Title: never a crack in the ivory tower
Characters/Pairings: Susan-centric
Rating: PG
Warnings: None.
When: PC and afterwards.
Summary: There is never a crack in the ivory tower.
Disclaimer: I wish it were mine.
Author's Note: I enjoyed this one. Somewhat inspired by Lassiter’s ‘and sometimes you can hear the silence speak,’ which is a work of art and something you should go read. Title from G. K. Chesterton’s ‘The Towers of Time.’
The thought comes to her in painful clarity as she looks at the Stone Table. This time, staying would hurt as much as leaving. And also, further back in the corner of her mind, I’m not coming back.
She can see the knowledge somewhere in Peter’s eyes, hidden deep below where he can’t (won’t let himself) find it. She lowers her eyes from his and cups her hands and weaves together sunlight and warmth and all the memories this land has given her into something she can hold in her hands, and as she steps through the archway she hides it in her heart. To know that it is there is enough, she thinks, and she ties back her hair and rolls up her sleeves and stares critically at a world that is all she has left.
*
This is what Susan knows. Your life is only what you make of it. You do what you can with what you are given, and you work hard, and if one day you look in the mirror and don’t recognize yourself, it hurts less. That all the truths learned once are no longer applicable here, and the sea and the sun are no longer edges of eternity.
*
On her 17th birthday, they go to the shore. The sky stretches forever into the blue sea, and if she looks at nothing hard enough she can watch what she imagines is eternity.
She has grown up twice now in two worlds, and all she holds as remembrance of the first is threads of a might-have-once-been. Standing on the rocks that lead to nowhere, she cups her hands and feels salt spray roll down her face and trickle through her fingers, an insubstantial, mutable nothing wearing away the rocks beneath her feet.
She wades into the ocean, far enough out so that she can drift in the wave swells. Looking up, she can see white gleam on the rocks above the shore. She blinks back salt and imagines a castle made of magic standing there. When she dives under the waves and comes back up, shaking her head free of the water, it is gone.
*
This is what Susan keeps close to her heart. Peter as he wakes up in the morning, drowsy and peaceful. Edmund playing the flute, bent over his music in solemn content. Lucy dancing, all wild grace and abandon and thoughtless beauty.
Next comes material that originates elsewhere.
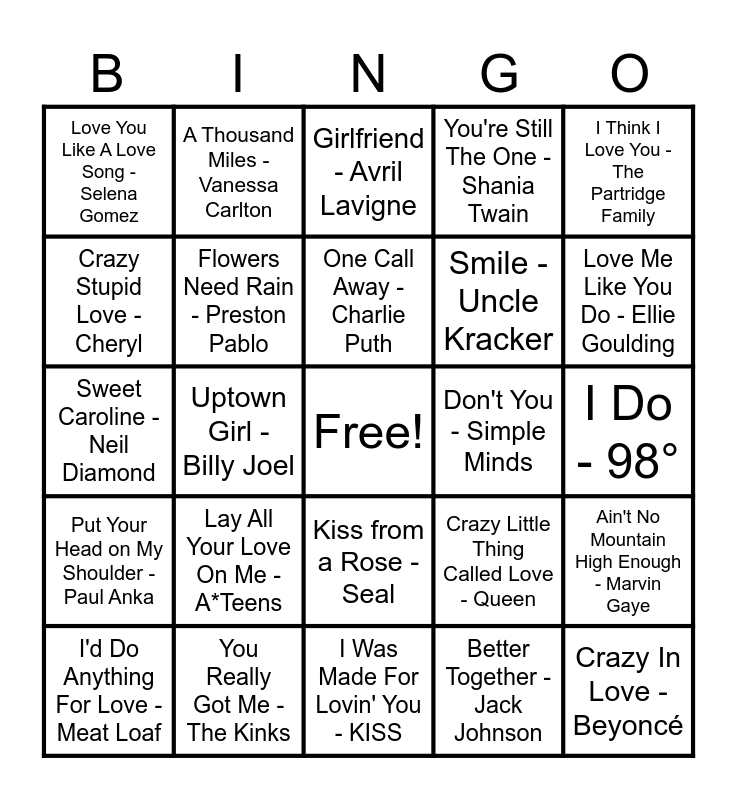 This bingo card has a free space and 102 words: Can You Feel the Love Tonight, Accidentally In Love - Counting Crows, I Think I Love You - The Partridge Family, Everyday - Buddy Holly, You Sexy Thing - Hot Chocolate, Shape of You - Ed Sheeran, I'm Gonna Be - The Proclaimers, Call Me Maybe - Carly Rae Jepsen, Shut Up And Kiss Me - Marianas Trench, Marry Me - Train, I'll Be - Edwin McCain, I'm a Believer - The Monkees, Love Potion No. 9 - The Clovers, Cupid - FIFTY FIFTY, Truly Madly Deeply - Savage Garden, What Is Love - Haddaway, Put Your Head on My Shoulder - Paul Anka, Everybody Loves Somebody - Dean Martin, I Want It That Way - Backstreet Boys, Tongue Tied - Faber Drive, Red Wine Supernova - Chappell Roan, Kiss - Prince, Love Story - Taylor Swift, Love Machine - Wham!, I Won't Say (I'm In Love) - Susan Egan, Love Me Like You Do - Ellie Goulding, You're Still The One - Shania Twain, Lay All Your Love On Me - A*Teens, Baby - Justin Bieber, Best of My Love - The Emotions, A Thousand Miles - Vanessa Carlton, Girlfriend - Avril Lavigne, DJ Got Us Fallin' In Love - USHER, My Girl - The Temptations, Into You - Ariana Grande, Kiss from a Rose - Seal, Teenage Dream - Katy Perry, Just the Way You Are - Bruno Mars, Sweet Caroline - Neil Diamond, Better Together - Jack Johnson, Open Arms - Journey, I'm Yours - Jason Mraz, I'd Do Anything For Love - Meat Loaf, Love Train -The O'Jays, Falling In Love With You - UB40, Endlessly - The Cab, Love Like Woe -The Ready Set, Smile - Uncle Kracker, Angel - Akon, Take on Me - A-Ha, I Need Your Love - Calvin Harris, Your Love Is My Drug - Kesha, Crazy Stupid Love - Cheryl, Without You - David Guetta, The Power Of Love - Huey Lewis & The News, Physical - Olivia Newton-Jolin, As It Was - Harry Styles, Come and Get Your Love - Redbone, Baby I Love Your Way - Big Mountain, Crazy In Love - Beyoncé, Some Kind Of Wonderful - Grand Funk Railroad, Somebody Like You - Keith Urban, Sugar Sugar - The Archies, How Deep Is Your Love - Calvin Harris, Don't Get Me Wrong - Pretenders, Heaven - Bryan Adams, Love Is - Alannah Myles, I Do - 98°, Uptown Girl - Billy Joel, You Really Got Me - The Kinks, Bad Romance - Lady Gaga, Down - Jay Sean, All of Me - John Legend, Flowers - Miley Cyrus, Your Man - Down With Webster, I Got You Babe - Sonny & Cher, Flowers Need Rain - Preston Pablo, Let Your Love Flow - The Bellamy Brothers, Eenie Meenie - Sean Kingston, How Deep Is Your Love - Bee Gees, Maps - Maroon 5, Endless Love - Lionel Richie, We Found Love - Rihanna, Don't You - Simple Minds, That's How You Know - Amy Adams, One Call Away - Charlie Puth, Love T.K.O. - Teddy Pendergrass, Fire - The Faim, Wishing - A Flock Of Seagulls, Do You Love Me - The Contours, АРТ - ROSE, Crazy Little Thing Called Love - Queen, Replay - lyaz, Let Me Love You - Ne-Yo, Stand By Me - Ben E. King, I Was Made For Lovin' You - KISS, Love You Like A Love Song - Selena Gomez, I'm Still in Love With You - Alton Ellis, Ain't No Mountain High Enough - Marvin Gaye, International Love - Pitbull, Closer - Tegan and Sara and She's In Love With The Boy - Trisha Yearwood.

The sea and the sky melding together until you can see how they end (because they don’t). The feel of sunlight in her mouth and warm wood beneath her fingers as she pulls back, and the clean arc of red feathers in flight.
*
Susan knows the value of masks, and even as she paints her lips blood red (faint memories stir of her lips red with real blood - her own, her allies’, her enemy’s) she laughs at the futility. She knows that the real mask is your own body, how you stand and talk and the sideways glances you give under lashes. She remembers how to paint your skin with magic and how their enemy wore many different faces (or is it that all their enemies wear the same face?).
England was to be their prison, but it takes only making the choice she wasn’t given to turn it into a semblance of a home, and so she walks steadily and laughs at jokes she’s heard a hundred (thousand) times before. She watches her siblings crash against walls they’d forgotten were there, and waits for them to come to her.
They never do.
*
This is what Susan wishes could be (once was never will be). The feel of skin on skin, the heady rush of success after a victory, sunlight on sea and candlelight on silk. Smooth wood beneath her fingers, silver crowning her head, Peter’s hand in hers. Being able to see the land she loves without pulling out what is left of her heart, and the bravery to be who she is and not who she is defined as.
*
She goes to an archery range once, and waits patiently as the instructor tells her how to place her fingers. Finally growing weary of it, she picks up the bow and strings it in one fluid motion, her fingers remembering things they’ve never done, and then pulls back and shoots. It hits the center, and the instructor looks at her warily.
Muscle memory, she says, and then laughs because in some strange, impossible, worlds-spanning way she is right. She hands him back the bow and leaves, the bitter taste of failure in the back of her throat.
She looks in the mirror as she puts her hair up, and gives no outward sign that the girl who looks back is not the girl Susan knows. Once, she thinks as she applies blush, she was beautiful in her own way. But to remain like that would be to be different, and that is not what she wants.
She applies her lipstick with a steady hand and watches her siblings fumbling for balance in a world they’ve forgotten, and she doesn’t wait for them anymore.